The analyst predicted that Bally’s casinos would continue to struggle in Atlantic City, in Evansville and at the Tropicana Las Vegas. Offsetting this would be the opening of the temporary Chicago casino at Medinah Temple next month. And he expected to domestic-interactive performance to experience rough sledding, “with cost mitigation likely being the focal point.” Leery of that aforementioned debt load, Santarelli shaved two dollars from his price target, to $15/share, keeping a “Hold” on it. Interestingly, CEO Robeson Reeves is (sensibly) repositioning Bally’s from its obsession with sports betting, which he calls “a funnel” to Internet casinos, where the real money is to be found.

Jottings: First it was a movie, now it’s a club experience—in more ways than one. Swingers, coming to Mandalay Bay, is a planned, miniature-golf experience with no fewer than five courses. Unfortunately, it’s more than a year away … Although county commissioners could still ram it through, a proposed Cordish Gaming casino in Rockingham County is drawing stiff opposition. Admittedly, it was somewhat of a stacked deck at one recent get-together, which doubled as an opportunity for two North Carolina GOP candidates to indulge in some anti-casino posturing … A construction boom in Macao will bring 3,732 hotel rooms on line. Mostly clumped in the old part of the city, the nine hotels will include new product from Galaxy Entertainment … The racing oval at WarHorse Casino in Nebraska hasn’t even been finished and already a casino expansion is afoot, doubling the gaming floor. 900 gaming positions will be added, divided between slots and tables … U.S. hotels are averaging 73% occupancy this year, much better than that in Las Vegas. That’s the highest level since 2019. What was that about an inescapable recession?

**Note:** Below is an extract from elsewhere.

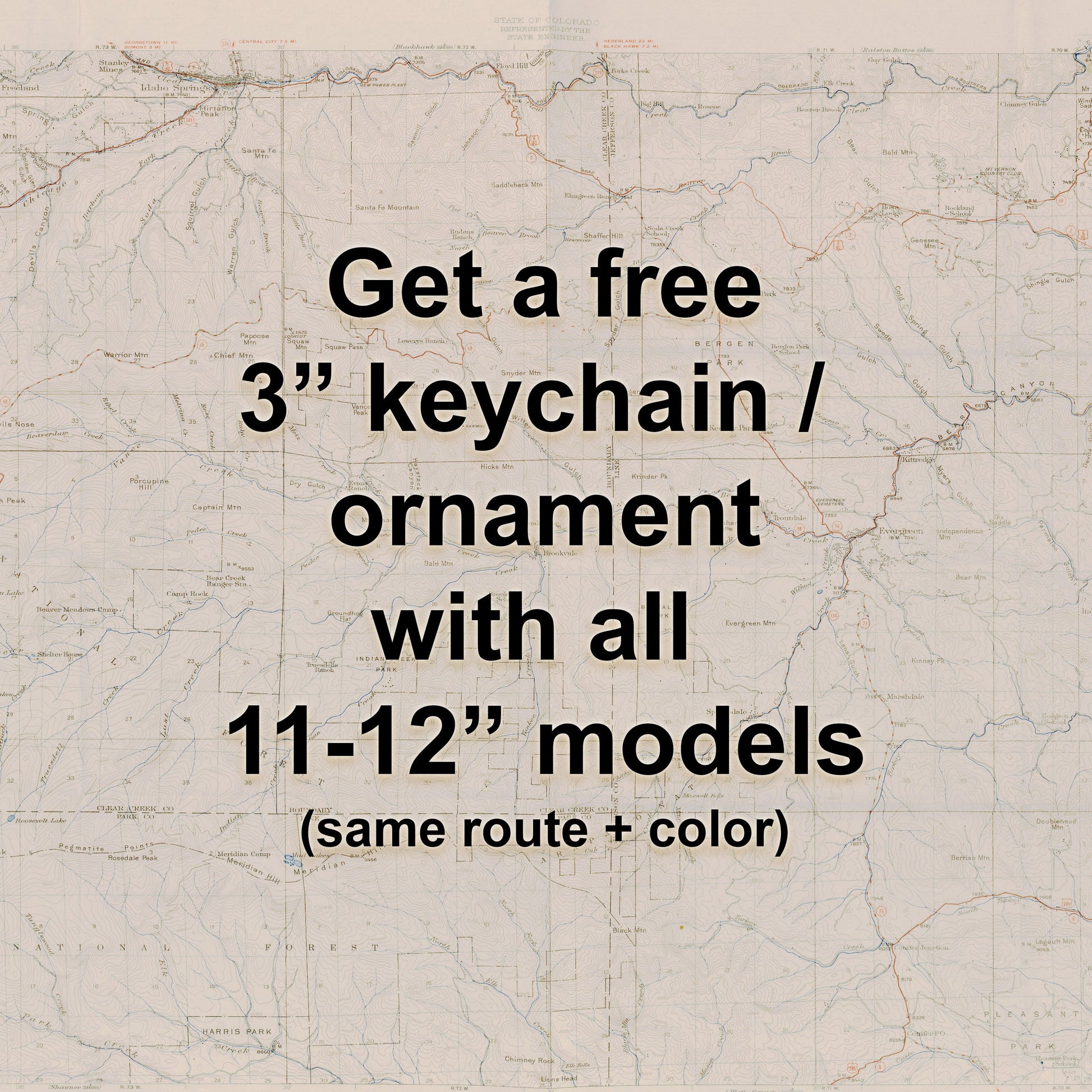 Each piece is custom designed using real GPS and elevation data, and is made to order in Colorado by a fellow outdoor enthusiast. And, a portion of all proceeds are donated to trail building organizations.

Quote of the Day: “The Great Casino Value Proposition has been diluted almost into oblivion and the game has become one of maximizing profits at every conceivable cash register, even ones that didn’t used to exist, like the entrances to parking garages. Yes, the casinos have exhibited serious chutzpah to lean so hard into this extreme value-reducing formula, but they’ve been aided and abetted by the ignorance and/or indifference of their customers.”—casino consultant Dennis Conrad.